The significant improvement in analytical queries on OLAP is attributed to its column-store technique. Let’s consider a table items, with the data shown below.

item_id item_name item_type item_price datetime_created datetime_updated
1 item_1 gaming 10 ‘2021-10-02 00:00:00’ ‘2021-11-02 13:00:00’
2 item_2 gaming 20 ‘2021-10-02 01:00:00’ ‘2021-11-02 14:00:00’
3 item_3 biking 30 ‘2021-10-02 02:00:00’ ‘2021-11-02 15:00:00’
4 item_4 surfing 40 ‘2021-10-02 03:00:00’ ‘2021-11-02 16:00:00’
5 item_5 biking 50 ‘2021-10-02 04:00:00’ ‘2021-11-02 17:00:00’

Let’s see how this table will be stored in a row- and column-oriented storage system. Data is stored as continuous pages (a group of records) on the disk.

Row-oriented storage:

Let’s assume that there is one row per page.

Page 1: [1,item_1,gaming,10,'2021-10-02 00:00:00','2021-11-02 13:00:00'],
Page 2: [2,item_2,gaming,20,'2021-10-02 01:00:00','2021-11-02 14:00:00']
Page 3: [3,item_3,biking,30, '2021-10-02 02:00:00','2021-11-02 15:00:00'],
Page 4: [4,item_4,surfing,40, '2021-10-02 03:00:00','2021-11-02 16:00:00'],
Page 5: [5,item_5,biking,50, '2021-10-02 04:00:00','2021-11-02 17:00:00']

Column-oriented storage:

Let’s assume that there is one column per page.

Page 1: [1,2,3,4,5],
Page 2: [item_1,item_2,item_3,item_4,item_5],
Page 3: [gaming,gaming,biking,surfing,biking],
Page 4: [10,20,30,40,50],
Page 5: ['2021-10-02 00:00:00','2021-10-02 01:00:00','2021-10-02 02:00:00','2021-10-02 03:00:00','2021-10-02 04:00:00'],
Page 6: ['2021-11-02 13:00:00','2021-11-02 14:00:00','2021-11-02 15:00:00','2021-11-02 16:00:00','2021-11-02 17:00:00']

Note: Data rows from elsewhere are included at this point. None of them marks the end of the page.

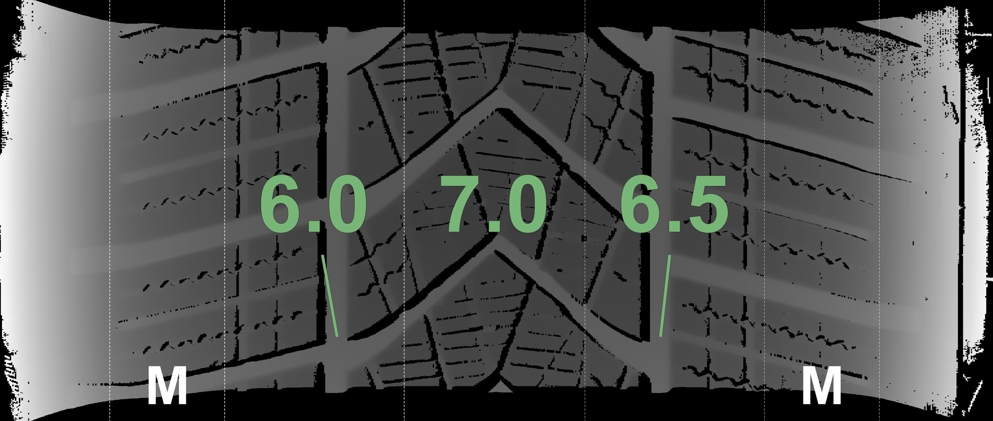 Die gemessenen Profiltiefen und Details zu den Felgen sind oben abgebildet.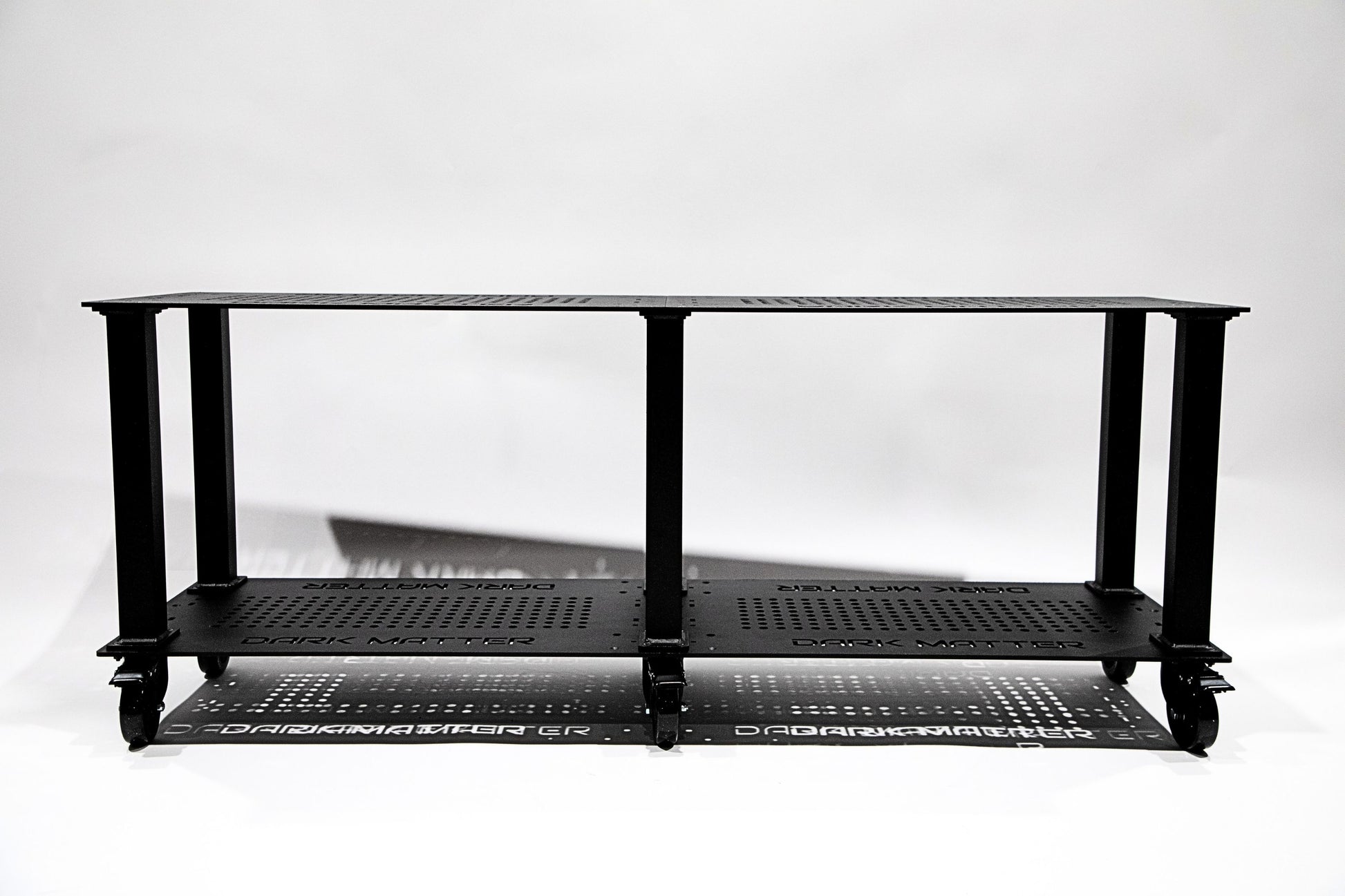 This Rolling Modular Stand has pre-cut holes to attach to your Dark Matter Cab. The Stand is 24" tall x 61" Wide x 18" Deep and weighs 69 LBS. Includes 6x Casters, 4x Decks, 6x Long Spines and Hardware. Ships un-assembled. The center of each deck also feature an 8 x 22 array of holes exactly 1" apart to mount most common lighting fixtures.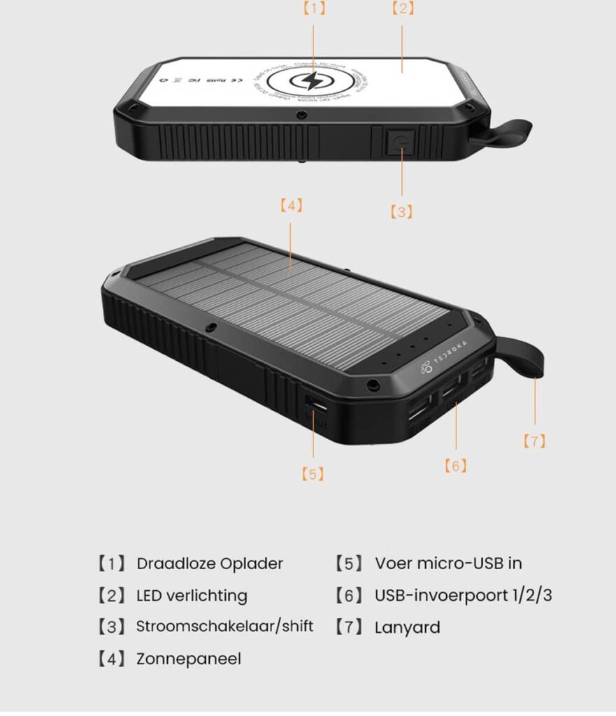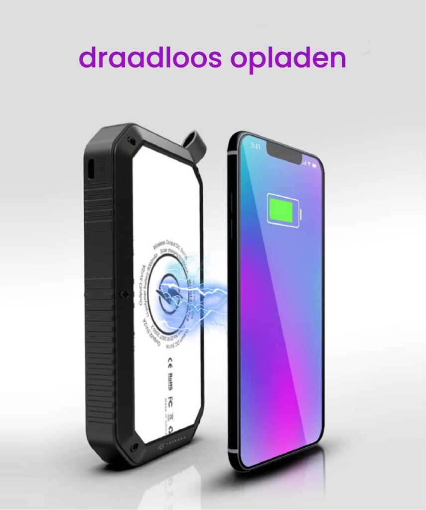 Maak kennis met de geavanceerde 10.000mAh draadloze powerbank met zonne-oplaadmogelijkheid! Dit multifunctionele apparaat dient niet alleen als draadloze powerbank, maar functioneert ook als draadloze oplader die compatibel is met een breed scala aan populaire apparaten, waaronder iPhone XR/XS/XS Max/X/8/8plus en Samsung Galaxy S9/S9plus S8/S8plus, evenals alle andere qi-compatibele mobiele apparaten. Of u nu op een kampeertrip bent of gewoon onderweg, deze draagbare draadloze oplader met zonne-oplaadmogelijkheid is de ultieme keuze voor uw energiebehoeften.

Let’s see how a simple analytical query will be executed.

SELECT item_type,
    SUM(price) total_price
FROM items
GROUP BY item_type;

In a row-oriented database

  1. All the pages will need to be loaded into memory
  2. Sum price column for the same item_type values

In a column-oriented database

  1. Only pages 3 and 4 will need to be loaded into memory. The information on pages 3 and 4, including item_type and total_price, will be encoded in the column-oriented file and also stored in an OLTP called metadata db.
  2. Sum price column for the same item_type values

As you can see from this approach, we only need to read 2 pages in a column-oriented database, compared to 5 pages in a row-oriented database. In addition to this, a column-oriented database also provides

  1. Better compression, as similar data types follow each other and can be compressed more efficiently.
  2. Vectorized processing

All of these features make a column-oriented database an excellent choice for storing and analyzing large amounts of data.